Balance Sheet The balance sheet is very light and mostly reflects a shell structure. Recorded assets are minimal and appear largely financial in nature, with no clear operating assets. There is no reported debt, which reduces financial risk but also underlines that this is not an operating company. Equity is effectively flat at this snapshot, again highlighting that the economic value is tied to the merger agreement and any cash held in trust rather than to tangible or productive assets on the balance sheet. In short, this is a capital-raising vehicle waiting to be filled with a real business.


Cash Flow

Cash Flow Cash flow data shows no real operating, investing, or financing activity beyond the bare minimum, which is consistent with a SPAC holding pattern. There is no visible cash generation from a business, no capital spending, and no free cash flow profile to analyze.
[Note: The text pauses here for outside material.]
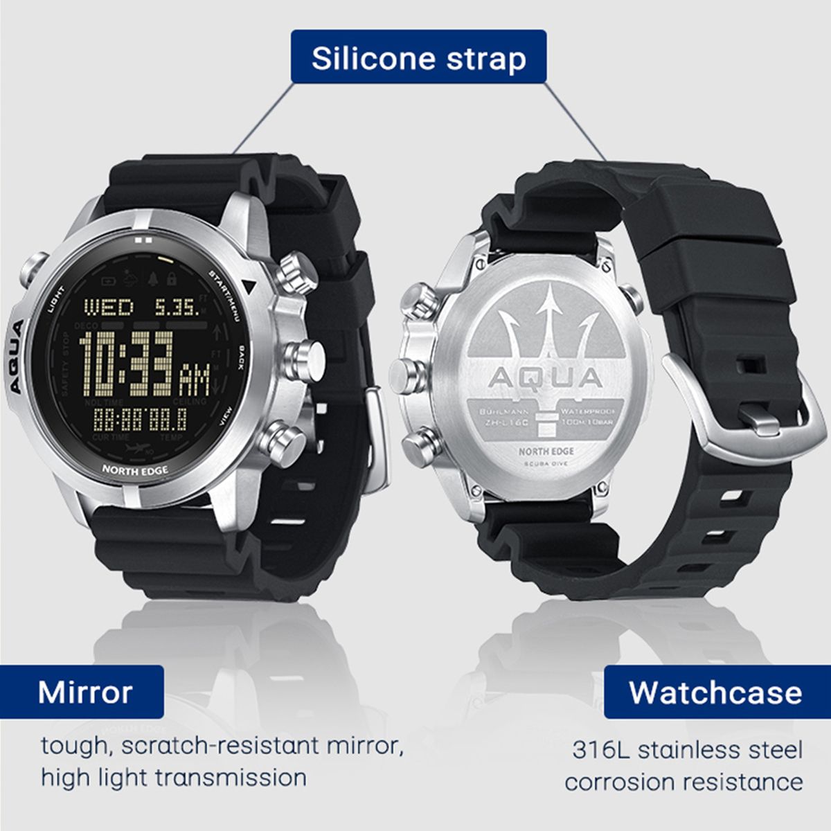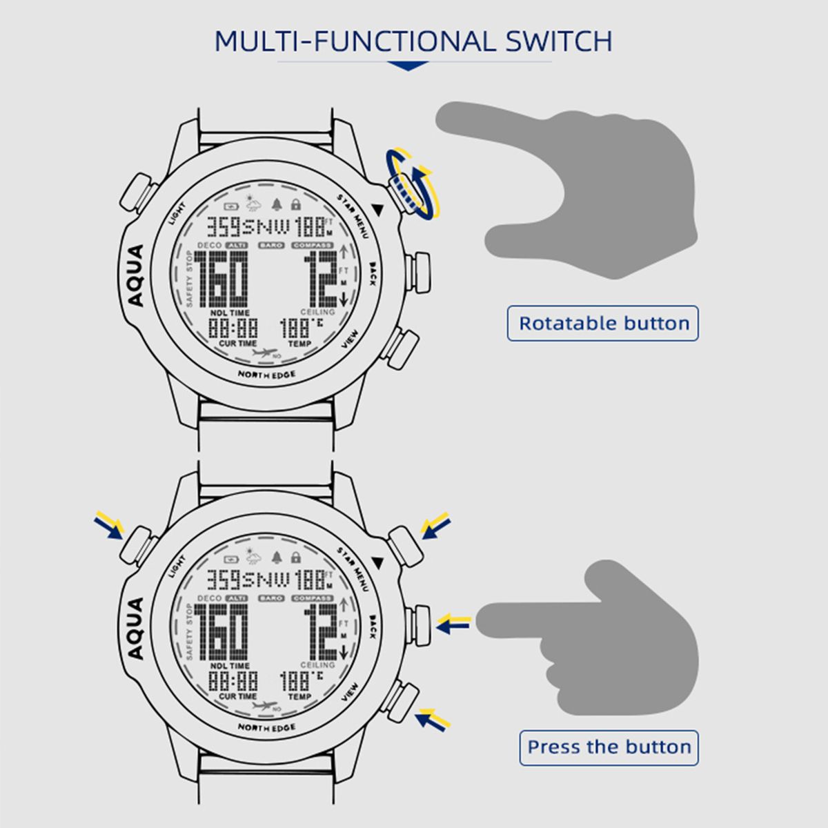 Multifunctional: Scuba Diving, NDL Time, Nitrox, Compass, Altimeter, Barometer, Thermometer, Time, Stopwatch, Count Down, Alarm, Back light, 100M water proof and so on.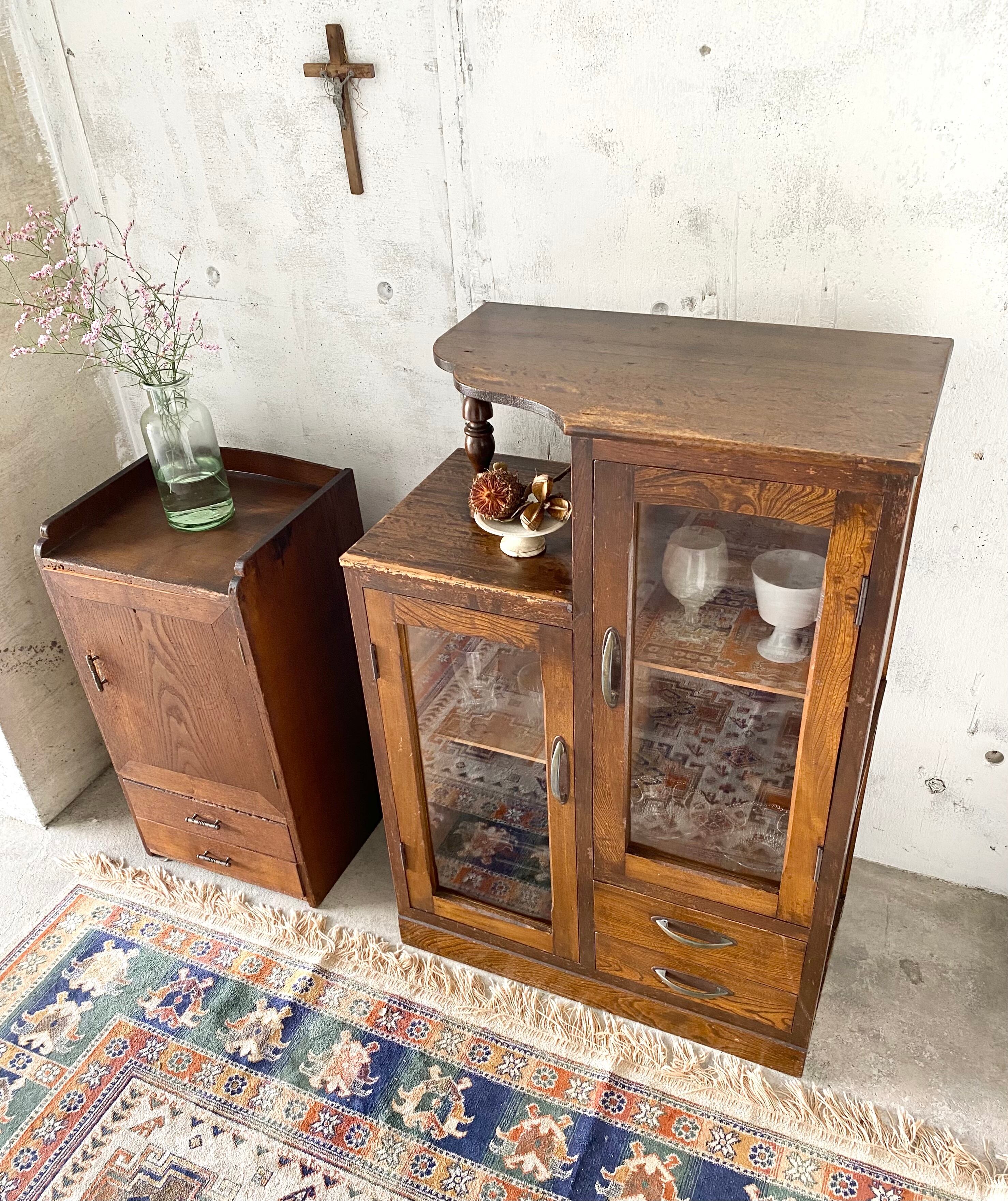 古いキャビネットになります.。スレやハゲ、割れ、欠け、隙間、反り、サビ、当たりキズ、落としきれない汚れなどがあります。特にガラスの割れもなく、扉、引出しの開閉も比較的スムーズに行えます。全体的に状態も良いのでまだまだ実用的に活躍してくれます。

Future cash flows will depend entirely on the merged entity’s ability to generate revenue, control costs, and invest effectively, none of which can be assessed yet from these figures. For now, cash dynamics are dominated by trust arrangements, transaction costs, and eventual redemption activity, which are not detailed here.


Competitive Edge

Competitive Edge As it stands, Flag Ship Acquisition has no independent competitive position in the sense of products, customers, or market share. Its “competitive edge” is tied to the quality of the merger target it brings public and the terms on which it does so. The new pivot from a prior target to Great Future Technology Inc. shows that management is actively searching for an attractive deal but also introduces uncertainty. Competition is not from other operating firms, but from other SPACs and listing routes trying to win the same promising private companies. Until the target’s business is clearly defined and disclosed, it is impossible to judge long-term competitive strength.


Innovation and R&D

Innovation and R&D Flag Ship itself is not an operating innovator; the innovation story belongs to the target, Great Future Technology Inc. At this stage, public information on that entity is fragmented and even its precise identity and business mix are unclear, with references to possible IT services, AI platforms, and advanced hardware patents, and apparent links to Chinese regulatory approval. Because the formal SEC filings are not yet available, any view on its research depth, product roadmap, or true technological edge is speculative. The key R&D and innovation assessment will only be possible once the registration documents and detailed business descriptions are filed and reviewed.


Summary

Flag Ship Acquisition is in a transitional phase typical of SPACs: no real revenue, no operating cash flow, and a thin balance sheet, with value resting almost entirely on its pending merger. The recent decision to cancel an earlier deal and sign a new agreement with Great Future Technology Inc. is a major strategic change and introduces both opportunity and uncertainty. The upside case depends on the eventual quality, growth prospects, and competitive moat of the technology business it brings public, but the information available today is incomplete and somewhat confusing. Until the official filings for Great Future Technology Inc. are released, analysis is mainly about structure and process rather than fundamentals—this remains a shell waiting for its operating story to be revealed.